National Innovation Center
- Formation: November 9, 2012; 13 years ago
- Purpose: Science and Technology
- Headquarters: Tribhuvan University, Kritipur
- Key people: Mahabir Pun
- Website: nicnepal.org

= National Innovation Center =

Nepali organisation

The National Innovation Center (Nepali: राष्ट्रिय आविष्कार केन्द्र) is a Nepali nonprofit organization established by social entrepreneur Mahabir Pun on November 9, 2012. The center was established to sponsor proposed entrepreneurship projects in Nepal and prevent brain drain. In 2019, Tribhuvan University donated land for the construction of the center, and it was constructed at a cost of Rs. 8 crore on the university's campus in Kirtipur.

==Funding==

Prior to July 2016, Mahabir Pun met with Nepali government officials to request funding for the center. After his requests went unanswered, he began a crowdfunding campaign, which raised Rs. 50 million in six months. Pun's long-term plan to fund the center involved the construction of a hydroelectric power station, which would raise money through the sale of electricity. Mahabir also pledged to sell 28 ropanis of his privately-owned land (roughly 14,000 square meters) to raise money for the center's construction.

==Objectives==
The primary objective of the National Innovation Center is to promote a culture of research and technological innovation in Nepal. Pun has described the Center as helping Nepalis "become entrepreneurs so they can contribute to the economic development of the nation." A stated goal of the center is combating brain drain by providing opportunities for entrepreneurs to pursue innovative projects in Nepal.

==Founding members==
The founding members of the organization include:
- Mahabir Pun, Nepali Minister of Science, Technology and Innovation.
- Rameshwor Prasad Khanal, former Nepali Minister of Finance
- Dambar Nepali, a hydroelectricity expert.

==Notable projects==
The stated goal of the NIC is to sponsor projects with the potential to serve the needs of Nepali communities. According to Pun, the center does not discriminate based on academic qualifications when selecting projects. As of 2019, the center has sponsored a total of 20 different projects.

===Medical drones===

In 2020, the NIC collaborated with Prokura Innovations and the UNICEF Venture Fund to develop a fleet of prototype drones capable of delivering medicines to otherwise inaccessible areas in mountainous terrain. The design, fabrication and testing of the drones were done in Nepal by a group of engineering students. The drones have successfully demonstrated the ability to carry a payload weighing 1 kg over a distance of 2 kilometers..

===Sel roti machine===
In 2020, Abhisek Nakarmi and Krishna Deole, two students working under the aegis of the NIC, developed a machine to mass-produce sel roti, a traditional Nepali dish made from rice flour.

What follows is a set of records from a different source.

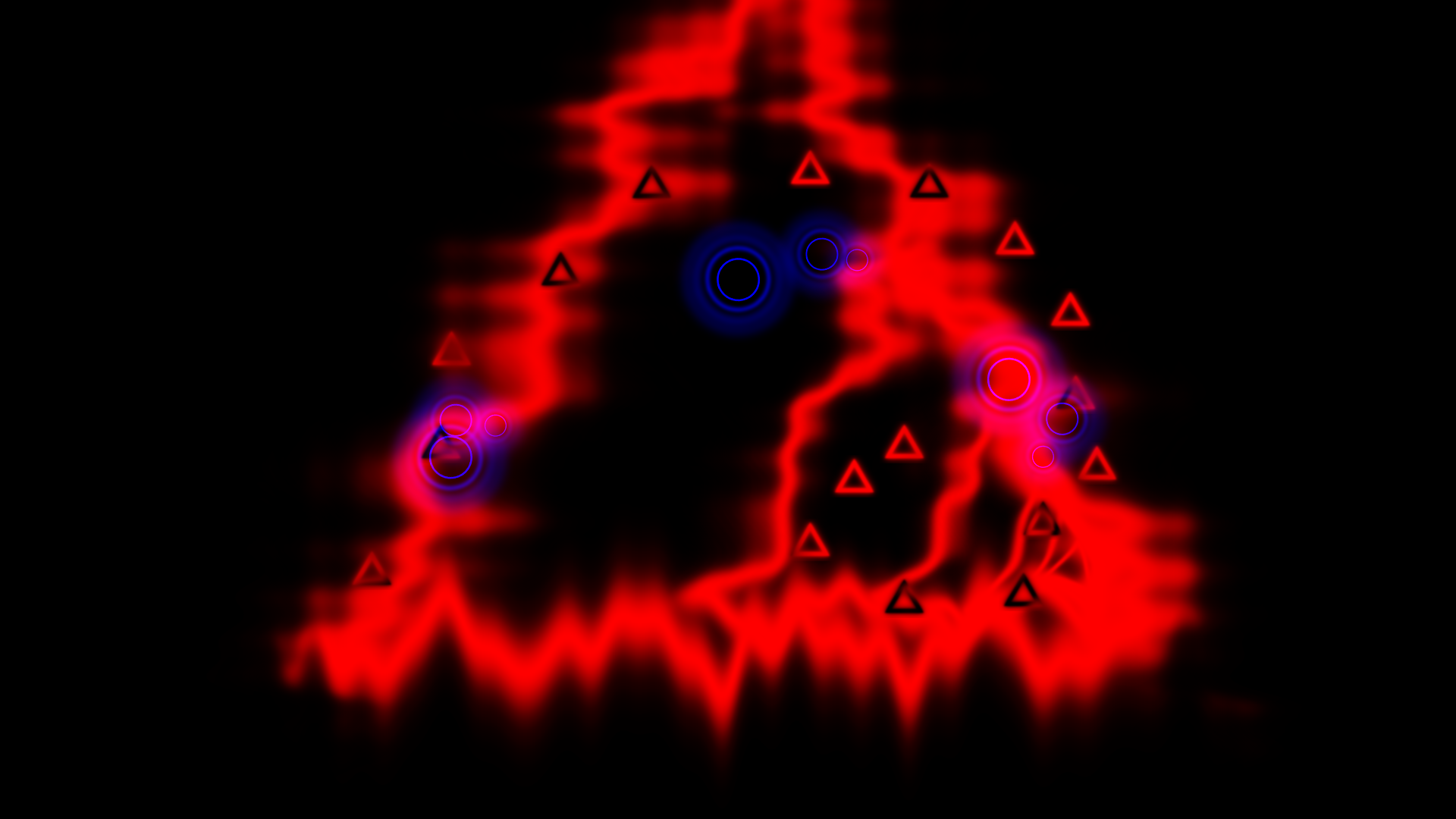 Each instrument has it's own shape and screen to communicate its unique timbre. As their part grew and grew, so would their influence on the screens around them; Eventually spilling into their neighbors as they reached climaxes in their parts.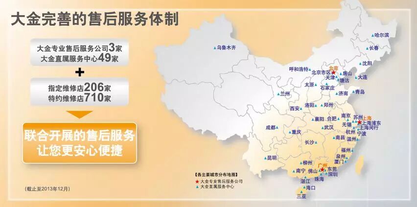 在中国,大金不仅建立了独立的售后服务公司专门从事售后问题的解决,并以北京、上海、广州三地为中心,发展了206家指定维修店和710家特约维修店来全面覆盖这片幅员辽阔的土地,便于为用户及时提供售后服务。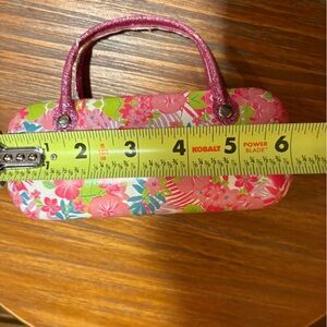 The case is primarily white with pink, green, and blue floral patterns, featuring the Tommy Bahama Kids logo. It has a glittery pink handle and a snap closure. It is designed to be both functional and stylish for children. Good condition. Thanks for looking!

=== Monkey repellent system ===

In 2020, the NIC began experiments to study the viability of an audio-based monkey repellent system. In Nepal, monkeys frequently raid corn fields and cause significant crop destruction; the proposed project aims to make a device powered by solar energy that can sense and repel wild animals by producing different sounds.

=== Online bus ticketing platform ===

'OK Journey', a bus ticket booking app and online platform, was started at the NIC by Rajesh Das. The goal of the app is to reduce wait times for purchasing bus tickets in Nepal.

==COVID-19 response==
During the 2020 COVID-19 pandemic, the NIC actively participated in various assistance programs. It distributed personal protective equipment to ambulance drivers and health workers., and opened swab collection booths at several hospitals in Kathmandu, including Bir Hospital, Birendra Hospital, APF Hospital, Bhaktapur Cancer Hospital, and Teku Hospital. The center also offered complimentary ventilator repair services to various hospitals.

==Industrial collaboration==
The NIC has collaborated with various commercial organizations. It has worked to produce fodder at a commercial scale for chicken and fish farms in the Chitwan District of Nepal. It has also promoted tourism and agricultural development in several cities, including Biratnagar and Pokhara.